INFORMATION SHOWN:
┌────────
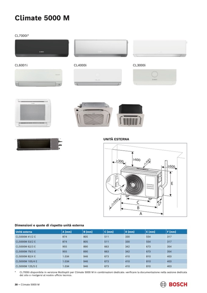* CL7000i disponibile in versione Multisplit per Climate 5000 M in combinazioni dedicate: verificare la docum
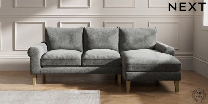 7.0.3 Buy Palermo Relaxed Sit Medium Sofa Chaise - Right Hand Chunky Chenille Dark Grey Tapered - Light from the Next UK online shop Click here to use our accessible website
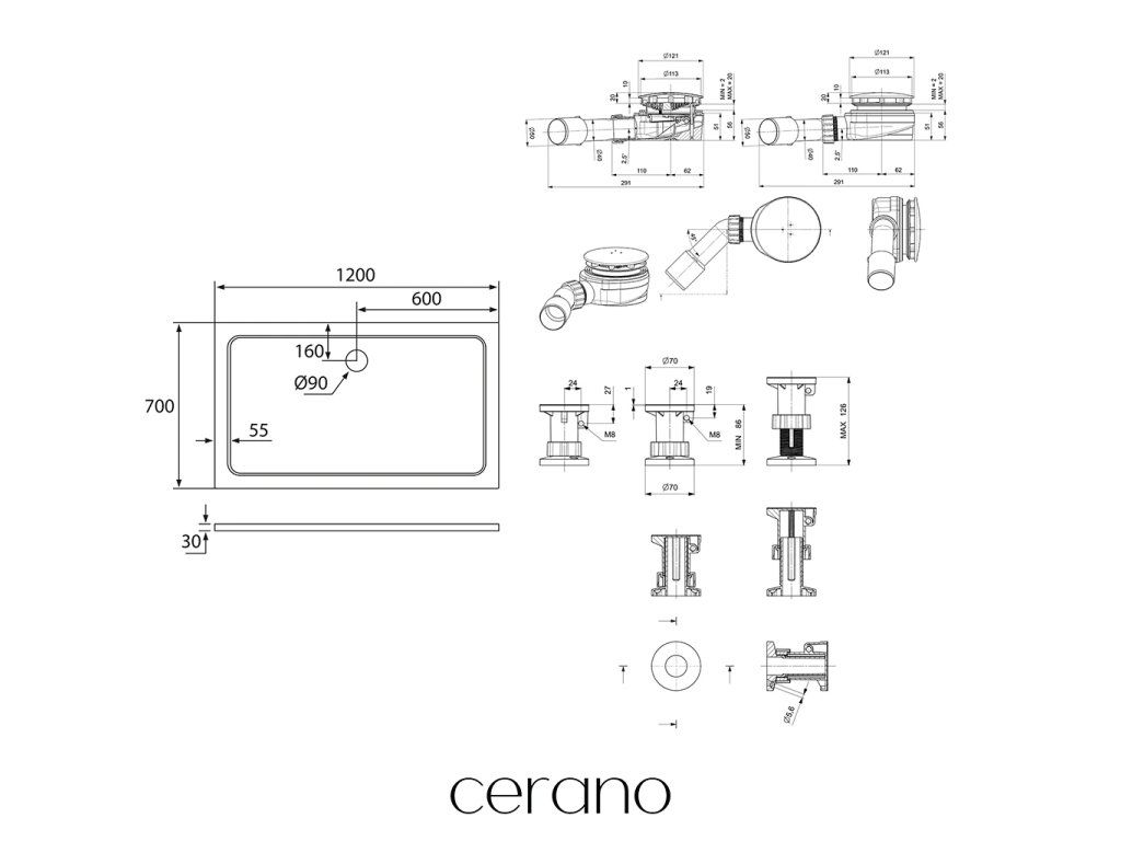 CERANO - Sprchový vaničkový set Piato - litý mramor - bílá lesklá - 120x70 cm + nožičky + sifon sprch.vaničky
└────────
EXERCISE AIM: Copy the whole listing above word for word but do not carry over the pictures.

OUTPUT OF THE TASK:
* CL7000i disponibile in versione Multisplit per Climate 5000 M in combinazioni dedicate: verificare la docum
 7.0.3 Buy Palermo Relaxed Sit Medium Sofa Chaise - Right Hand Chunky Chenille Dark Grey Tapered - Light from the Next UK online shop Click here to use our accessible website
 CERANO - Sprchový vaničkový set Piato - litý mramor - bílá lesklá - 120x70 cm + nožičky + sifon sprch.vaničky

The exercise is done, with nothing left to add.